The Undeniable Connection between DID and Child Abuse
There is an undeniable link between dissociative identity disorder (DID) and child abuse. Child abuse can lead to mental health problems that occur in childhood and can continue into adulthood. People often relate childhood abuse to depressive disorders, anxiety disorders, and posttraumatic stress disorder (PTSD), but dissociative identity disorder has the most significant connection to childhood abuse and neglect, so much so that the connection between DID and child abuse cannot be ignored.
What Is Child Abuse and Neglect, and Who Is at Risk?
Child abuse includes physical abuse, sexual abuse, emotional abuse, and/or neglect that results in the harm of a child. In a large majority of child abuse cases, a parent is the abuser. It is also important to note that women perpetrate child abuse more frequently than men, a reality that goes against common societal belief.
Child abuse knows no boundaries. It occurs in rich families and in poor, in families of all religious backgrounds, and in all different races. There is no "type" of child that will be abused, just as there is no one "type" of abuser.

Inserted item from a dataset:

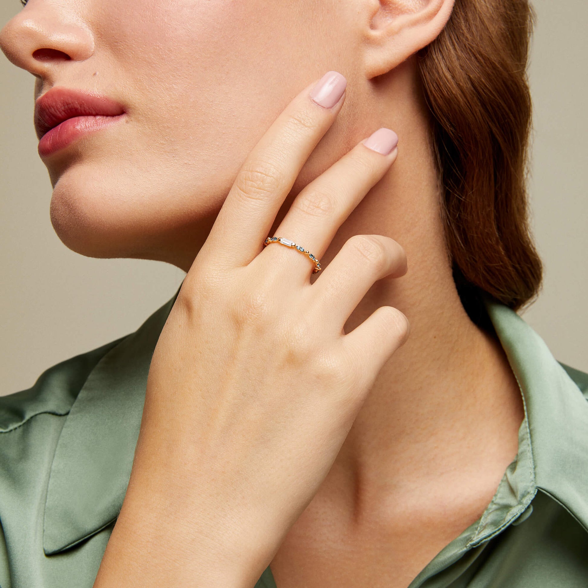 The Baguette Novella Ring is an ideal option for those who are looking for an alternative ring to classic golden rings. If you want to make your special moments more meaningful than ever, you should consider the Baguette Novella Ring.

The Relationship between Child Abuse, Neglect and Dissociative Identity Disorder
According to the Diagnostic and Statistical Manual of Mental Illness (DSM-5), a history of childhood abuse and neglect is prevalent in 90% of cases of dissociative identity disorder (DID). The remaining cases involve medical trauma, terrorism, and childhood prostitution. Ninety percent is overwhelming. Other research claims that rates of abuse and neglect in DID are actually much higher.
DID develops in response to severe, recurring trauma in childhood. Children are not fully equipped to cope with continued, severe instances of abuse, so they may develop dissociation as a survival skill, which can then develop into DID. It makes sense, then, that the rate of childhood abuse and neglect in people with DID is so high.

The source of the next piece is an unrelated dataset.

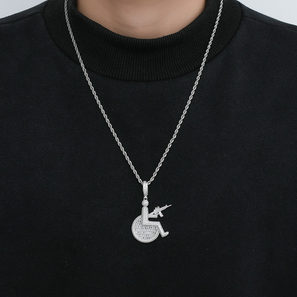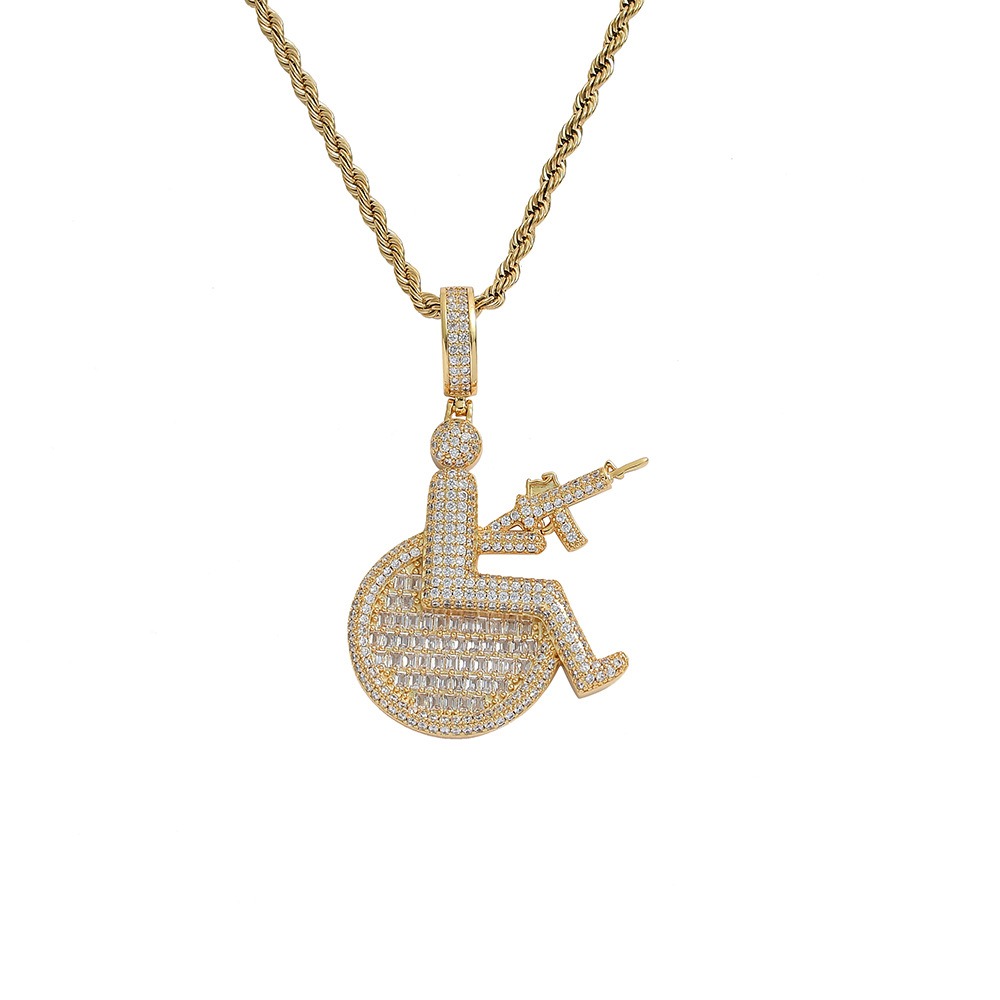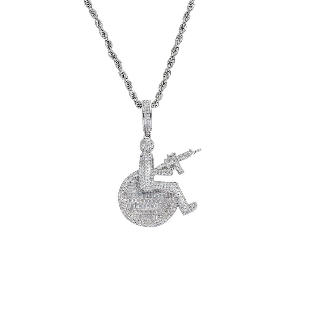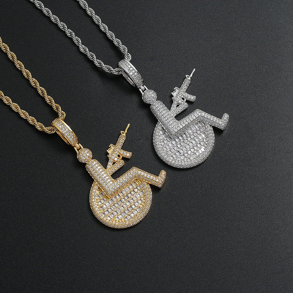 Hip hop pendant copper inlaid with zircon sitting position holding a machine gun shape

Preventing Child Abuse Can Prevent Dissociative Identity Disorder
There's no telling how much of those 90% of DID cases could have been prevented had those children been protected from abuse. If we prevent child abuse, we can greatly reduce the number of cases of DID, and cases of other disorders with roots in childhood trauma.

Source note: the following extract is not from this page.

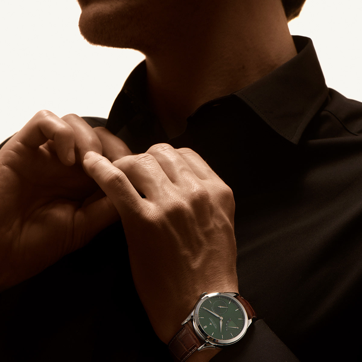The Royale Origine, for lovers of fine craftsmanship. A timepiece that gets straight to the point with its round case in polished steel or rose gold, featuring a silver, black, blue, or green dial that reflects sunlight.

Awareness and prevention is a universal effort. Mental health workers, teachers, and other professionals working with children need to be aware of the signs of abuse and neglect. We, as a society, need to educate our children about abuse and body safety and eliminate the shame abuse causes.
Most importantly, never deny a child or adult who says they have been abused. Most of the time, abusers are also very good actors, playing the part society wants to see on the outside, and changing their roles into abusers behind closed doors. During one of my psychiatric hospitalizations, I overheard a mental health aide say, "She said her mom abused her, but I don't know; her mom seemed really nice and caring on the phone."
That feeling of being invalidated hurts in a way that cannot be erased.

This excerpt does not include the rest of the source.